In Illinois, the issue of continued employment has been a particularly hot issue; there, the state and federal courts cannot seem to make a final decision on whether an employee who is offered employment in exchange for signing a non-compete must also continue to work at the employer for at least two years in order for the non-compete to be supported by adequate consideration, and therefore, enforceable. The roller coaster of decisions following the June 2013 decision, Fifield v. Premier Dealer Services—in which an Illinois appellate court held that an employee must continue to work for an employer for two years if the consideration for the non-compete agreement is the employment itself—indicates that Fifield’s holding continues to be controversial. Some federal courts within Illinois have refused to apply it, or otherwise found that it does not create a bright-line test, and there is at least one dissenting opinion in another Illinois appellate court opinion questioning whether a two-year threshold truly exists.

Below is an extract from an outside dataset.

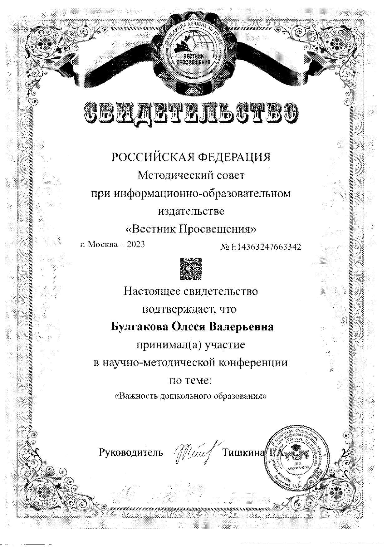 Научно-методическая конференция "Важность дошкольного образования", 2023 год
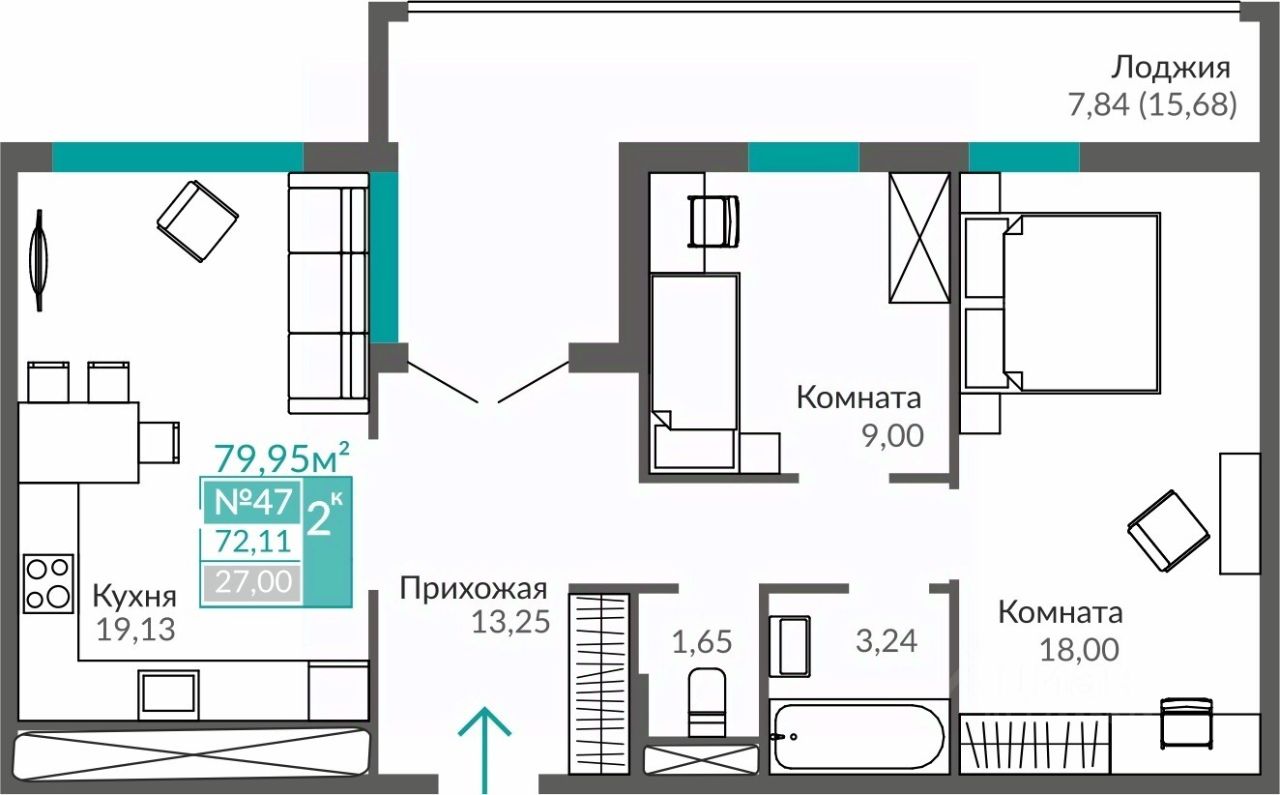 Продаётся 2-комнатная квартира в строящемся доме (С7), срок сдачи: III-кв. 2027, общей площадью 72.11 кв.м., на 7 этаже. Жилой квартал "Абрикос" - начало яркой истории жизни в прогрессивном районе Симферополя - Семья городских кварталов "Крымская Роза".

In Pennsylvania, a different twist on the issue of consideration for non-competes is currently pending before the Pennsylvania Supreme Court. The question in that case, Socko v. Mid-Atlantic Systems of CPA, Inc., is whether the inclusion of language in a non-compete agreement that, under Pennsylvania’s Uniform Written Obligations Act (UWOA), would otherwise prevent a party from challenging consideration, will suffice for consideration if the employee did not receive an additional benefit for signing a non-compete after employment commenced. If the court determines that inclusion of the UWOA language does not create consideration for non-competes, it will be yet another decision limiting an employer’s ability to establish that consideration for a non-compete exists.
But not all jurisdictions are narrowing—or considering narrowing—the range of promises that can constitute consideration for a non-compete. On April 30, 2015, the Wisconsin Supreme Court (mostly) determined that continued employment can constitute adequate consideration for a non-compete agreement. But significantly, the decision doesn’t resolve the question completely—it also states that if an employer terminates an employee shortly after signing a non-compete agreement, the contract still might not be enforceable if the employee could show, for example, that he or she was fraudulently induced into signing the agreement.
What these and other recent cases show is that the issue of what an employer promises in exchange for an employee’s promise not to compete after employment continues to evolve, jurisdiction by jurisdiction. Employers are well advised to ensure that they offer a promise in exchange for a post-employment restrictive covenant that will adequately protect their interests in the future.